JAKARTA - Komisi III DPR mengingatkan Komisi Pemberantasan Korupsi (KPK) agar terus mengusut kasus korupsi di sektor pajak sampai ke akar-akarnya. KPK disarankan untuk tidak berhenti pada kasus yang menimpa Ketua Badan Pemeriksa Keuangan (BPK), Hadi Poernomo.
"Upaya KPK memerangi kejahatan di sektor pajak jangan sampai terhenti pada kasus Hadi Poernomo dan BCA. Saya mendesak KPK untuk segera mengambilalih penanganan kasus manipulasi restitusi pajak yang diduga dilakukan oleh Wilmar Group," ujar Anggota Komisi III DPR Bambang Soesatyo dalam keterangan tertulisnya di Jakarta, Senin (28/4/2014).

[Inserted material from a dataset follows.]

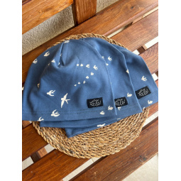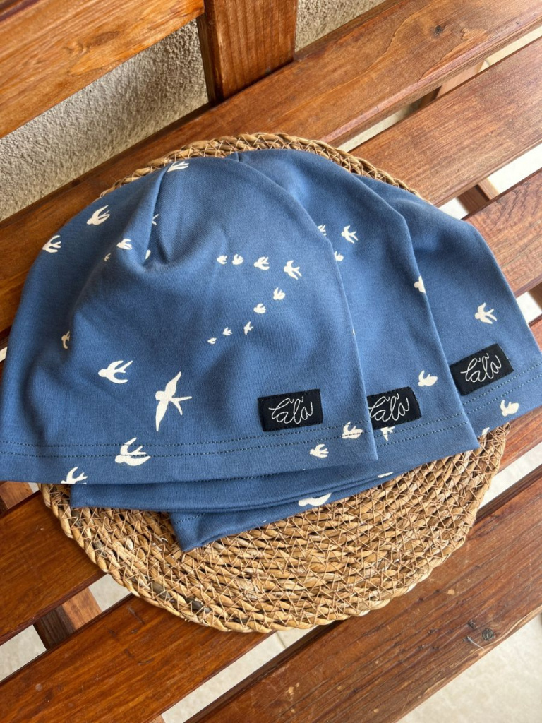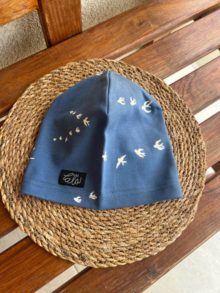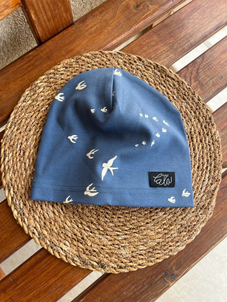 Úpletová šmolko čiapka - jednovrstvová - lastovička na modrej - LEN DO VYPREDANIA ZÁSOB

Bambang menjelaskan, terungkapnya kasus Wilmar Group bukan bersumber dari laporan masyarakat, melainkan dari temuan dan laporan pegawai pajak sendiri, yakni Kepala Kantor Pajak Pratama Besar Dua, M Isnaeni.
"Menurut laporan itu, dua anak usaha Wilmar Group, PT Wilmar Nabati Indonesia (WNI) dan PT Multimas Nabati Asahan (MNA) diduga memanipulasi perhitungan restitusi pajak," sebut Bambang.

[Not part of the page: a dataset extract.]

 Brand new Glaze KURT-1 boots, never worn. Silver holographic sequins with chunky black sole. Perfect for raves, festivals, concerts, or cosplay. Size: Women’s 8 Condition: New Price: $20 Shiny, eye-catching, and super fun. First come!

Politisi Partai Golkar ini mengungkapkan, hingga Desember 2013 lalu, penanganan kasus ini tidak pernah jelas. Padahal, kasus ini mulai mengemuka sejak 2009-2010. Di mana kasus ini sempat ditangani Kejaksaan Agung (Kejagung), tetapi kemudian dikembalikan ke Ditjen Pajak dengan alasan tidak cukup bukti.
"Jangan lupa, kasus ini sempat dipendam. Isnaeni pertama kali melaporkan kasus ini kepada atasannya, Dirjen Pajak (saat itu) Darmin Nasution dan M Tjiptardjo selaku Direktur Intelijen dan Penyidikan Pajak. Setelah delapan bulan menunggu sia-sia, Isnaeni pun membawa kasus ini ke Komisi III DPR," bebernya.

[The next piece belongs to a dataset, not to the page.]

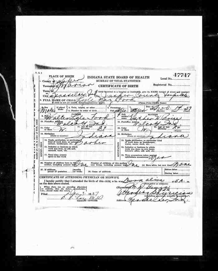 Lyle Kay Ford, a white legitimate male, was born Nov 14, 1937 in Rensselaer city, Marion township, Jasper county, Indiana. His father, Walter Lyle Ford, was 29, born in Indiana, residing in Wolcott, Indiana, occupation barber. His mother, Esther H. Price, was 24, born in Indiana, residing in Wolcott, Indiana.

Lantaran sudah terlalu lama kasus ini diambangkan, Bambang menduga, kasus Wilmar Group ini memuat banyak kepentingan sehingga ada keengganan aparat penegak hukum untuk menanganinya.
"Oleh karena itu, sudah cukup alasan bagi KPK untuk mengambilalih penanganan kasus ini," tukasnya.
Sekadar diketahui, menurut data yang diperoleh Panja Mafia Pajak Komisi III DPR, PT Wilmar International Limited Group diduga melakukan pengelapan pajak senilai Rp500 miliar dengan modus mendirikan perusahaan (72 perusahaan) di wilayah berbeda yang memiliki usaha di bidang sawit (trading, minyak goreng dan turunannya).
Mereka kemudian melakukan perbuatan haram itu dengan cara transaksi fiktif antar perusahaan dalam grup, merekayasa laporan keuangan dan melakukan transfer pricing antar grup.
Adapun PT Wilmar sendiri memiliki kawasan izin berikat yang dilakukan guna mempermudah transaksi antar group. Mereka diduka melakukan tindak pidana perpajakan dengan menerbitkan dan menggunakan faktur pajak fiktif yang dimanfaatkan untuk proses restitusi PPN.